Task requirements
In the listing that follows, the range to quote begins at the line that has "ミヤベイワナのレンジは2〜3" and ends after the line that has "MAKASSAR-LH: Komunitas Wartawan"; quote it verbatim and add nothing.

Data to examine

========

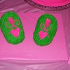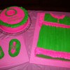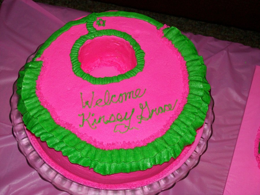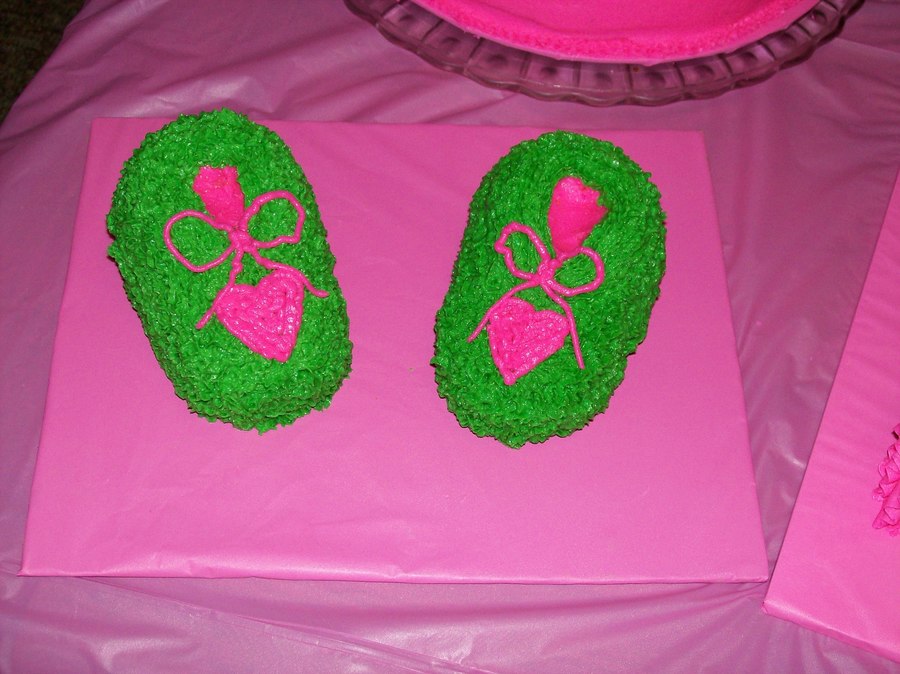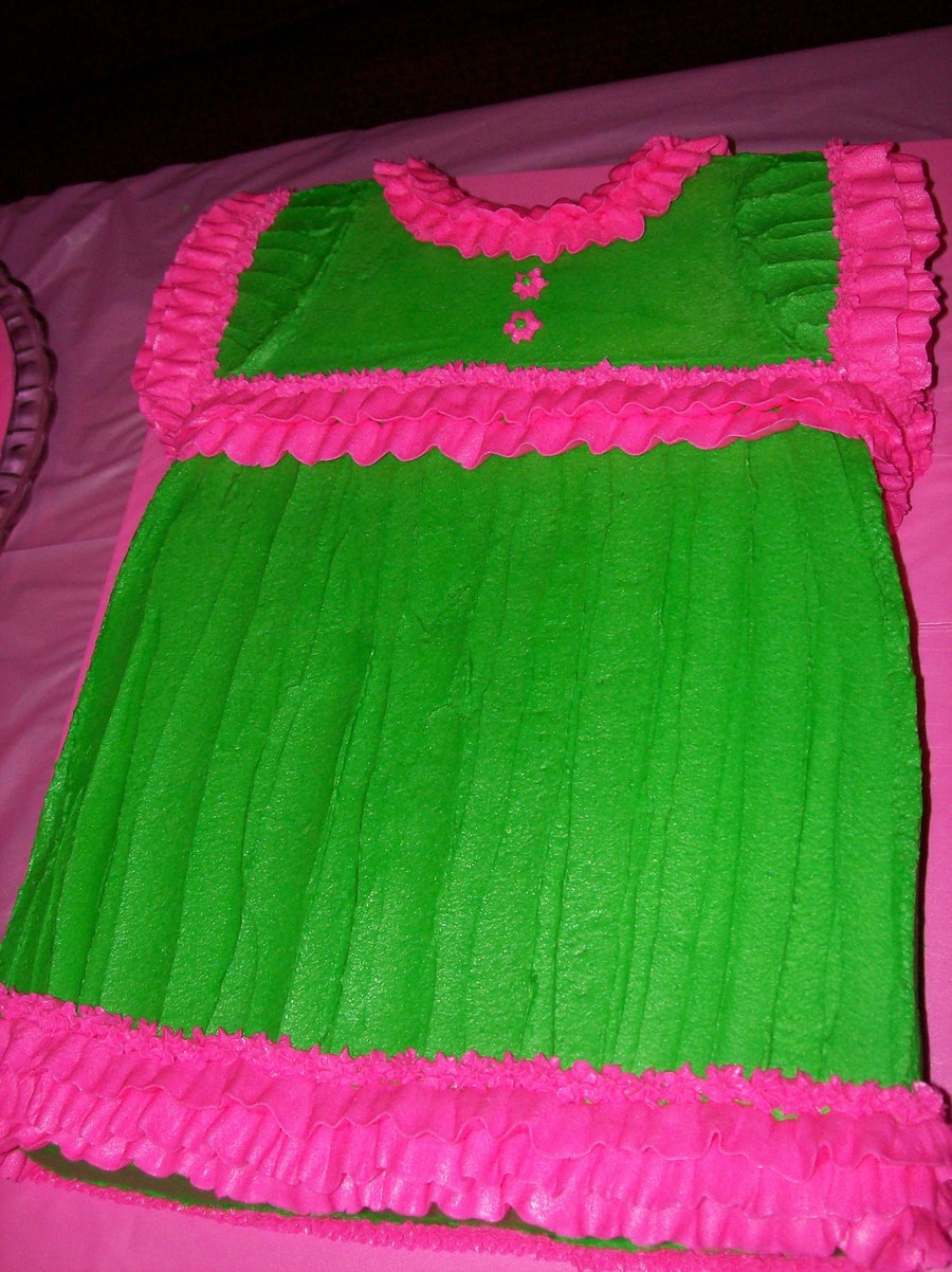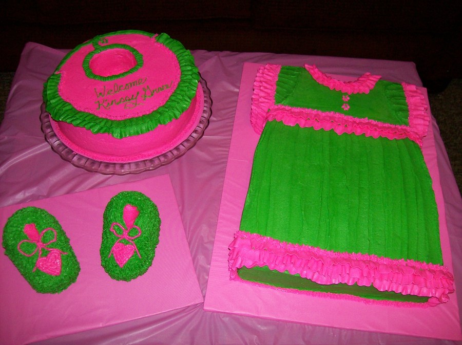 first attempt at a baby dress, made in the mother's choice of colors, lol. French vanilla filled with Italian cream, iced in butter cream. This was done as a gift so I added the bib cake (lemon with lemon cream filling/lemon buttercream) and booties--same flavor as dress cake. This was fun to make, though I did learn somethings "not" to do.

========

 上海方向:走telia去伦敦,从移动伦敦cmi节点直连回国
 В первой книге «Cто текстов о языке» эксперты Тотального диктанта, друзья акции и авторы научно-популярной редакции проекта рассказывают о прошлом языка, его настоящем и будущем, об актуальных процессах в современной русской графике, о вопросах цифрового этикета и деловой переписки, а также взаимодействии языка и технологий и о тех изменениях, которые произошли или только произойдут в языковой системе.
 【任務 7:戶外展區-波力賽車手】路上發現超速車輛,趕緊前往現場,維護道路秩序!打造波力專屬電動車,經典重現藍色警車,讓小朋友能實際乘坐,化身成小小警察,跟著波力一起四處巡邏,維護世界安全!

========

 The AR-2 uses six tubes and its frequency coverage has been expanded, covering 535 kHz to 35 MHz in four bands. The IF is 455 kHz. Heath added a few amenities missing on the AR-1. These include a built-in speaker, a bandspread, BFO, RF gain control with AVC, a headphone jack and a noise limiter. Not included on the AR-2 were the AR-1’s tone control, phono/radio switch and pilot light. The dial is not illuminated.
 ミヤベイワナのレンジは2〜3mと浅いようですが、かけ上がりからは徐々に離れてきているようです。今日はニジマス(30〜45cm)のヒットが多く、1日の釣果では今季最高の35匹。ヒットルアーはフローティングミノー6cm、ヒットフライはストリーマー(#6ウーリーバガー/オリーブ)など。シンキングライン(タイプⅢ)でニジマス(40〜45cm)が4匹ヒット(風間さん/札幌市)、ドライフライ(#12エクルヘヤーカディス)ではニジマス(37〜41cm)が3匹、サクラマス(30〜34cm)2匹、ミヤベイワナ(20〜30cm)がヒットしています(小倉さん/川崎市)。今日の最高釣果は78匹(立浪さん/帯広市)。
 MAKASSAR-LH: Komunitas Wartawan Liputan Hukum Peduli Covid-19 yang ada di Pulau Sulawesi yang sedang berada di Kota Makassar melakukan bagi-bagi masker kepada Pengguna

========

Answer to this task
 ミヤベイワナのレンジは2〜3mと浅いようですが、かけ上がりからは徐々に離れてきているようです。今日はニジマス(30〜45cm)のヒットが多く、1日の釣果では今季最高の35匹。ヒットルアーはフローティングミノー6cm、ヒットフライはストリーマー(#6ウーリーバガー/オリーブ)など。シンキングライン(タイプⅢ)でニジマス(40〜45cm)が4匹ヒット(風間さん/札幌市)、ドライフライ(#12エクルヘヤーカディス)ではニジマス(37〜41cm)が3匹、サクラマス(30〜34cm)2匹、ミヤベイワナ(20〜30cm)がヒットしています(小倉さん/川崎市)。今日の最高釣果は78匹(立浪さん/帯広市)。
 MAKASSAR-LH: Komunitas Wartawan Liputan Hukum Peduli Covid-19 yang ada di Pulau Sulawesi yang sedang berada di Kota Makassar melakukan bagi-bagi masker kepada Pengguna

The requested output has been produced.